By Ma Guochuan
Published: 2007-06-11

"At the top of the income ladder there's a large quantity of unrecorded income that is causing income disparity in China to grow. Urban families at the top ten percent of the income bracket are now making 31 times more than those at the bottom ten percent, and not the nine times that statistics previously indicated. In the rural areas the multiplier can reach 55, contradicting current statistics that put it at 21. China's actual income disparity far outstretches what current statistics show. Because data is insufficient, it's then hard to calculate the Gini coefficient, but it is clearly beyond the World Bank's calculation of 0.45."

This is one main conclusion from a report published by Caijing on May 28. It focused on grey income and income disparity, and the full text will be published in July's issue of Compare. The moment it was published by Caijing, it caused an uproar.

The night that Tengxun Network reprinted Caijing's summary online, it was viewed 20,000 times and received comments from 4,000 people.

"I read basically all of the comments," says Wang Xiaolu, author of the report. "The overwhelming majority approved of it, and had faith in the findings. They also were very dissatisfied with the income distribution gap and corruption. Some even felt the report didn't go far enough. Only a few disagreed, saying things like 'why are you bothering with this, it's worthless.' There were also those who swore, and even those who said that government corruption advances society. But the moment things like that appeared, many would immediately stand up against it."

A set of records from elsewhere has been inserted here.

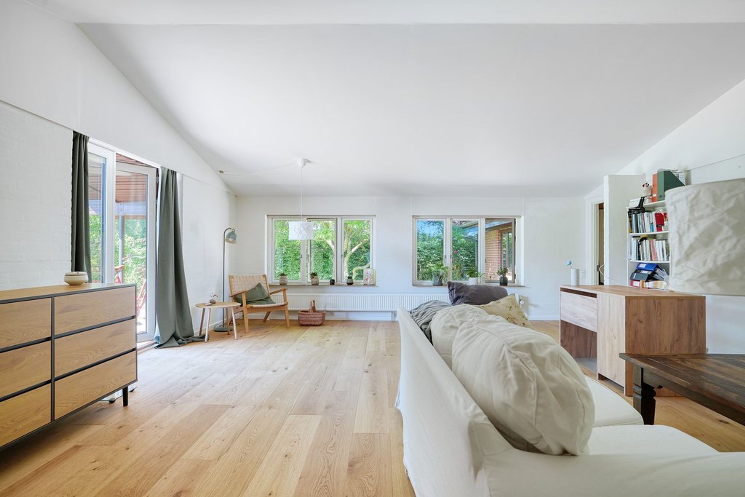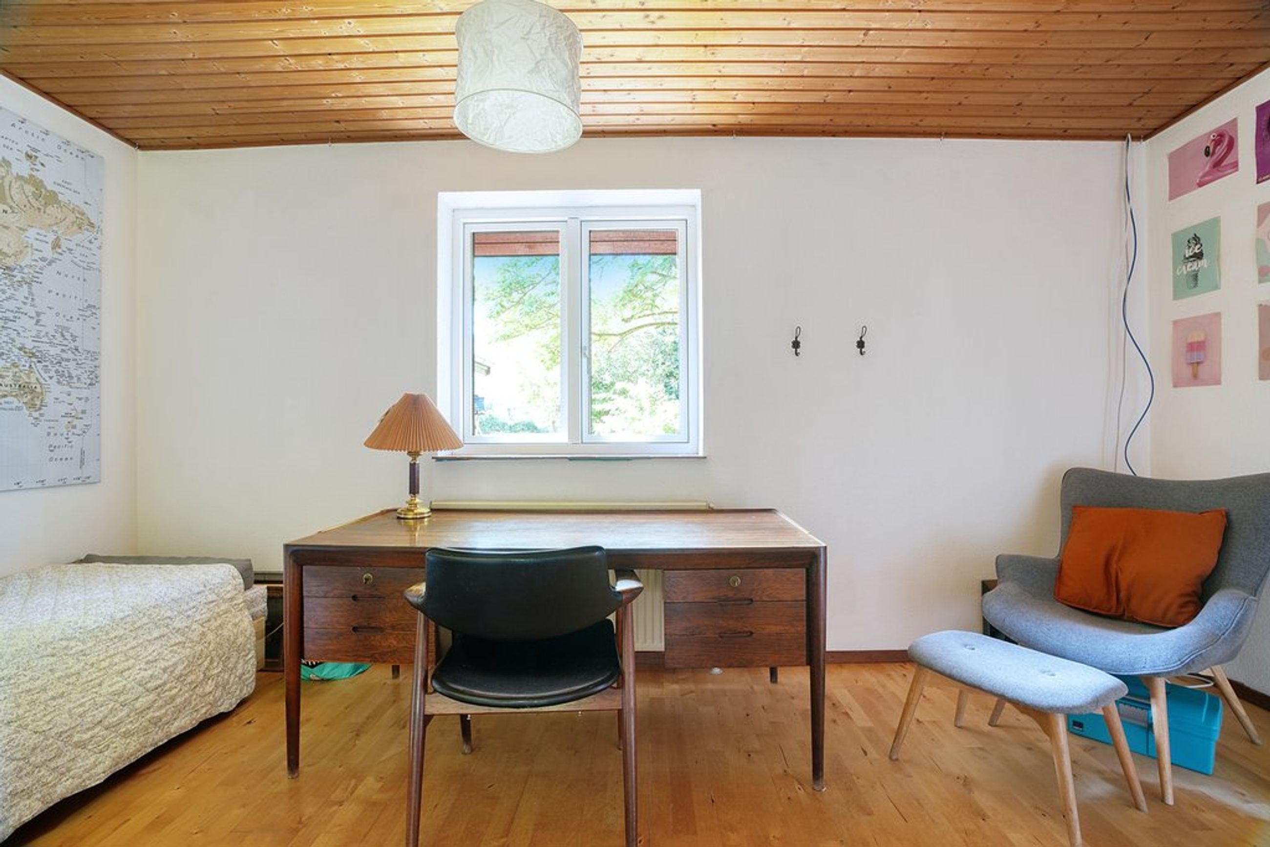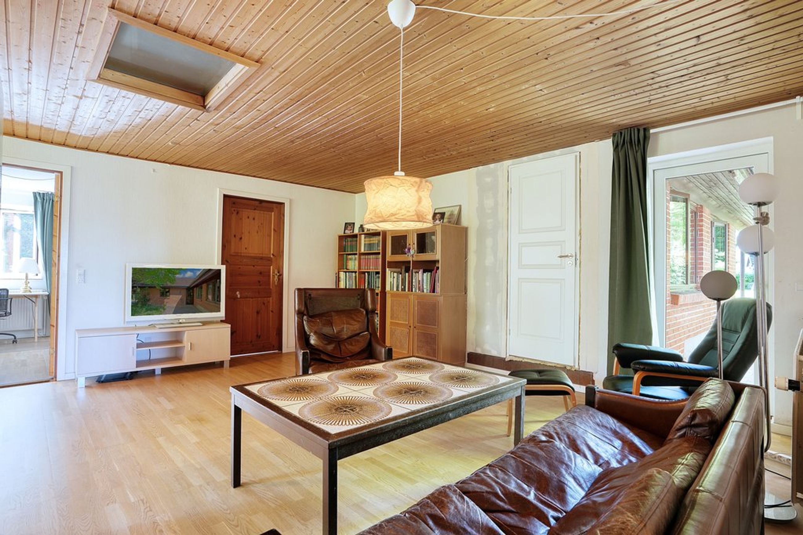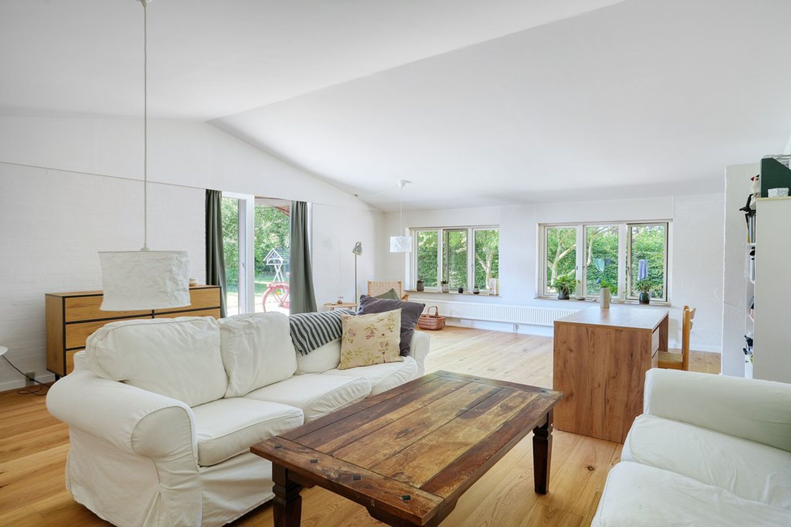 Huset er på 180 m2, har 4 soveværelser, masser af lys, et skønt køkkenalrum, loft til kip og højt til loftet. Institutioner, skoler, gymnasier, badeanstalt og golfbane er tæt på. Og så tager det under 5 minutter at nå motorvejen til København, 60 kilometer derudad, så er man der. Grunden er på 744 m2.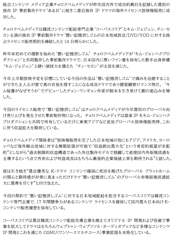 キム・ジェジュン、チン・セヨン主演の独自IP事前製作ドラマ‘悪い記憶消しゴムの日本地域放送/DVD/VODに対する独占ライセンス販売契約を締結したと14日明らかにした。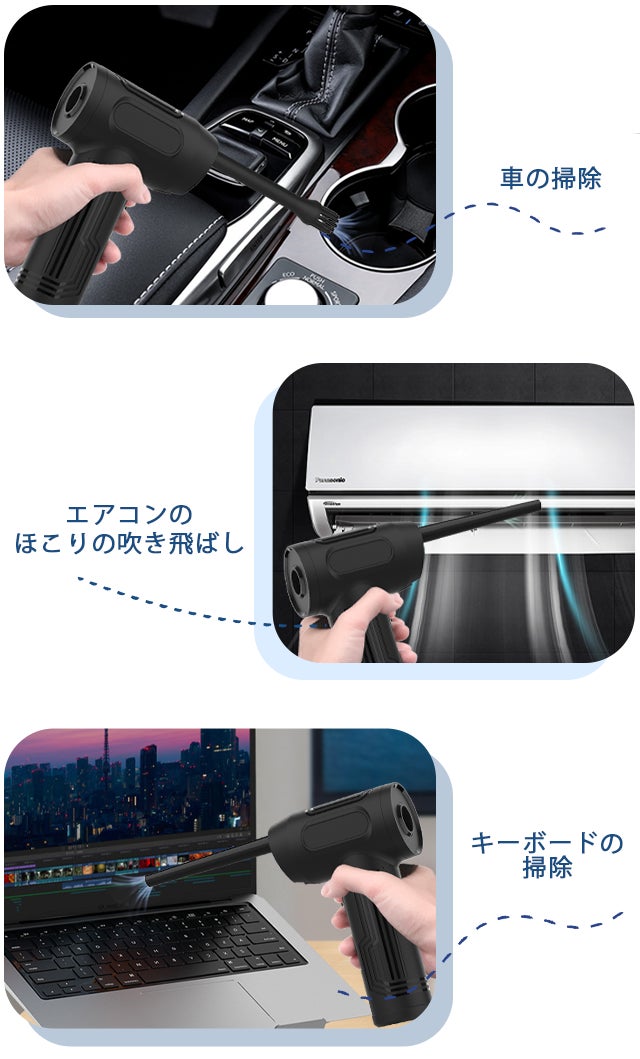 Y01は3種類のノズルヘッドが付属しており、エアダスター、真空ポンプ、空気入れとして使用可能です。家でもアウトドアでも、常備しておくと大変便利な1台です。
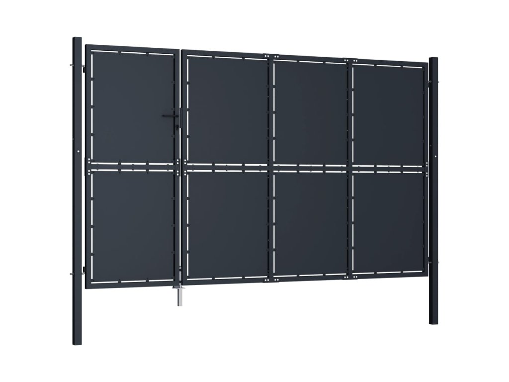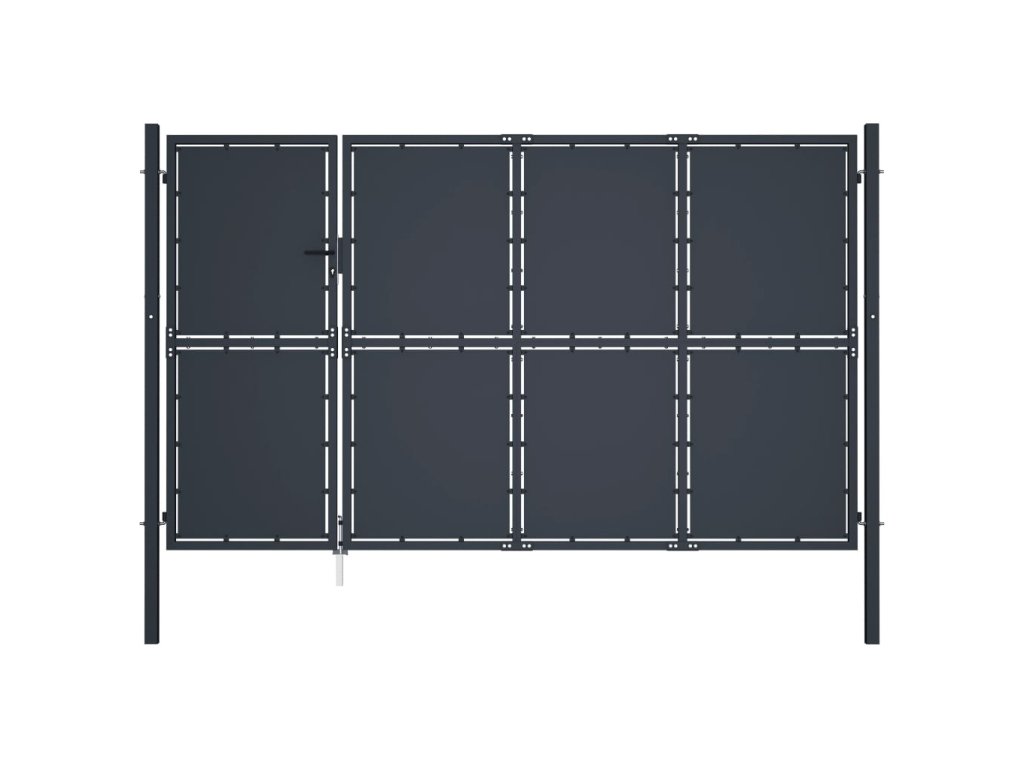 Záhradná brána je vyrobená z ocele, ktorá zaručuje vynikajúcu trvácnosť a stabilitu a vďaka pevnej konštrukcii je mimoriadne robustná. Naša záhradná brána navyše poskytuje optimálnu bezpečnosť a súkromie, a zároveň vytvára pôsobivý vstup na pozemok. Brána sa dodáva spolu s dvoma pevnými stĺpikmi a robustnými pántmi pre jednoduchú inštaláciu.
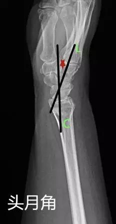 - 头月角:腕部侧位片上头状骨和月骨中轴线的夹角。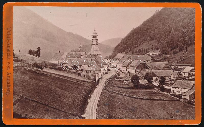 Leírás: 1893 Mariazell látképe, keményhátú fotó Nicolaus Kuss műterméből, 6,5×10,5 cm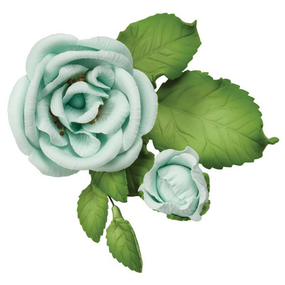 Decorate a cake with these light blue roses, featuring bold green leaves. Ready to place, pre-colored gum paste flowers. Gum paste is safe for food contact and not intended to be eaten. Product is fragile; some breakage may occur. Product has been priced accordingly.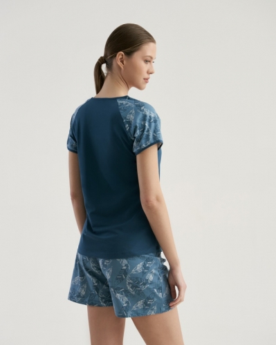 ХЛОПОК 92%; ЭЛАСТАН 8%Футболка рукав реглан/ по линии реглана/ на полочке вставлен кант из отделочной ткани. Горловина и нижний срез рукава обработаны трикотажной лентой из однотонной ткани. Короткие шорты свободного кроя/ отстроченный пояс.
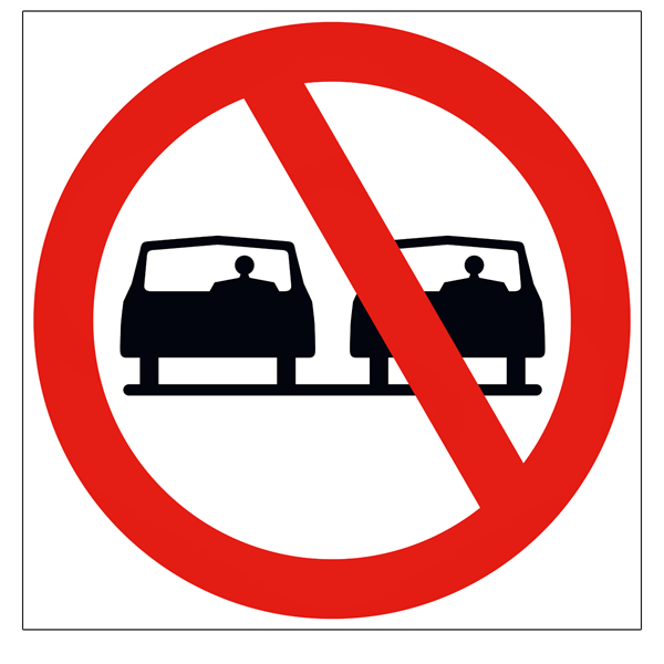 The No Overtaking Sign, RUS 014, prohibits overtaking at locations where it is considered dangerous to do so.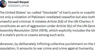 محاصره تنگه هرمز از سوی آمریکا نقض آتش بس است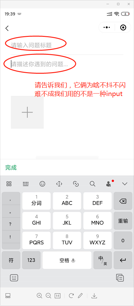 “问题这么长时间了不出修复,客服到底上报了吗?本身对功能是无影响,但是对于较真的程序来说,这一闪感觉是挺恶心的。问题根节应该是出在input:focus上,应用的字体都变了,不知道咋想的,难不成整个input被重写了?开发工具上显示的input的字体是:font-family:UICTFontTextStyleBody;,但是focus时你变个啥啊??而且发现一个不闪动的小程序,是你们微信开放社区的官方小程序,不知道你们怎么做到的?即使不修复也可以把你们的解决方法给发出来,让我们跟着也学学。”

Other websites successively reprinted the summary. The next day, commentators had varying opinions-- some attacked the report, some analyzed it. Some reputable scholars like Lang Xianping and Yi Xianrong copied the abstract onto their own personal websites or wrote responding articles. After Xiao Wanglu posted the abstract on his blog, the hits broke ten thousand in one day. For a scholar's blog, this something seldom seen.

Such an overwhelming response could not have come from something born easily. Regarding the difficulty involved in the report's preparation, Wang says, "It's like you're trying to be the National Bureau of Statistics, doing research according to a sampling pool in the tens of thousands. But if people don't report their illegal income to them, why would they tell you?" According to conventional standards, this kind of research was un-doable.

"Because it's so hard to approach this kind of problem, should we just tip-toe around it and pretend it doesn't exist?" Wang refused-- he was determined to try. "Why resign out of fear of being imprecise? Anything is better than nothing."